RECUR: Resource Exhaustion Attack via Recursive-Entropy Guided Counterfactual Utilization and Reflection
This work addresses safety issues in AI reasoning systems by exposing vulnerabilities that could lead to excessive resource consumption, which is an incremental improvement on prior adversarial input attacks.
The paper tackles the problem of resource exhaustion vulnerabilities in Large Reasoning Models (LRMs) by introducing RECUR, an attack that uses recursive entropy to guide counterfactual questions, resulting in up to an 11x increase in output length and a 90% decrease in throughput.

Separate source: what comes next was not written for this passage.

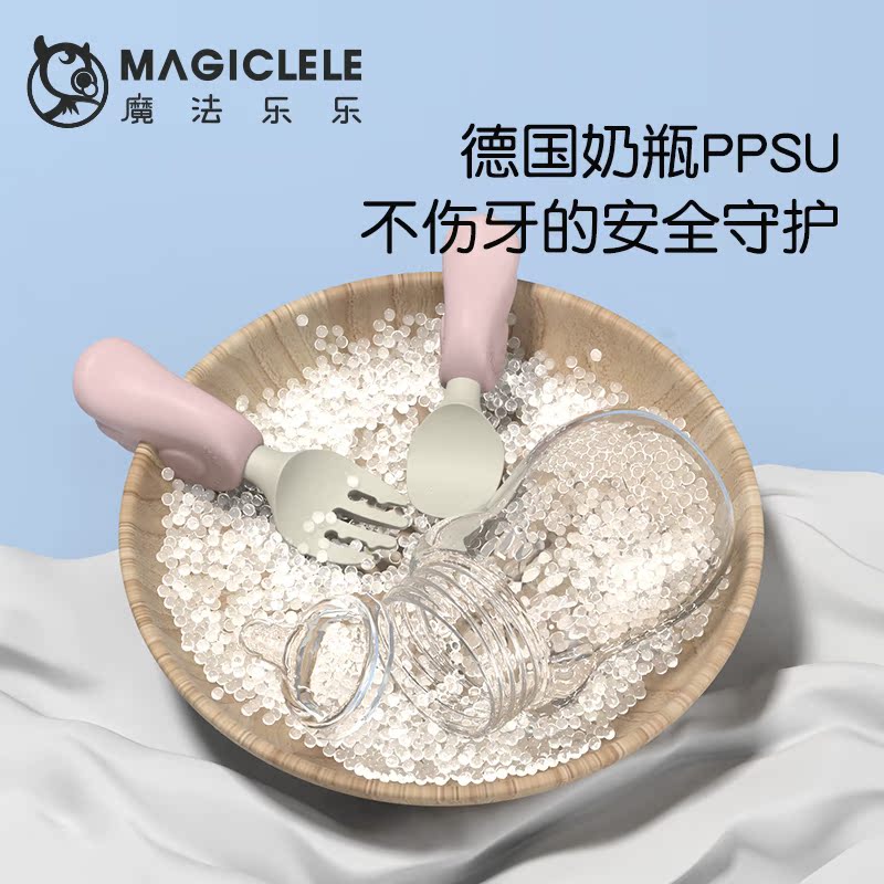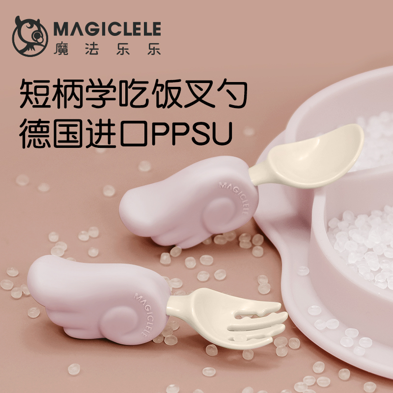 Magic Lele baby spoon learn to eat training small baby food supplement short handle silicone spoon fork children's tableware set
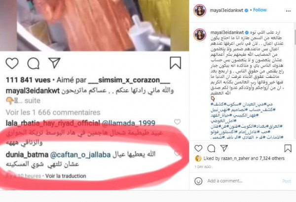 وعلّقت العيدان على المقطع قائلة: "والله ماني رادتها عنكم.. عساكم ماتربحون"، وهو ما دفع الفنانة المغربية المثيرة للجدل لترك تعليق عند مي كتبت فيه: "الله يعطيها عيال علشان تتلهى شوي المسكينة"، وفق (لها).

Large Reasoning Models (LRMs) employ reasoning to address complex tasks. Such explicit reasoning requires extended context lengths, resulting in substantially higher resource consumption. Prior work has shown that adversarially crafted inputs can trigger redundant reasoning processes, exposing LRMs to resource-exhaustion vulnerabilities. However, the reasoning process itself, especially its reflective component, has received limited attention, even though it can lead to over-reflection and consume excessive computing power. In this paper, we introduce Recursive Entropy to quantify the risk of resource consumption in reflection, thereby revealing the safety issues inherent in inference itself. Based on Recursive Entropy, we introduce RECUR, a resource exhaustion attack via Recursive Entropy guided Counterfactual Utilization and Reflection. It constructs counterfactual questions to verify the inherent flaws and risks of LRMs. Extensive experiments demonstrate that, under benign inference, recursive entropy exhibits a pronounced decreasing trend. RECUR disrupts this trend, increasing the output length by up to 11x and decreasing throughput by 90%. Our work provides a new perspective on robust reasoning.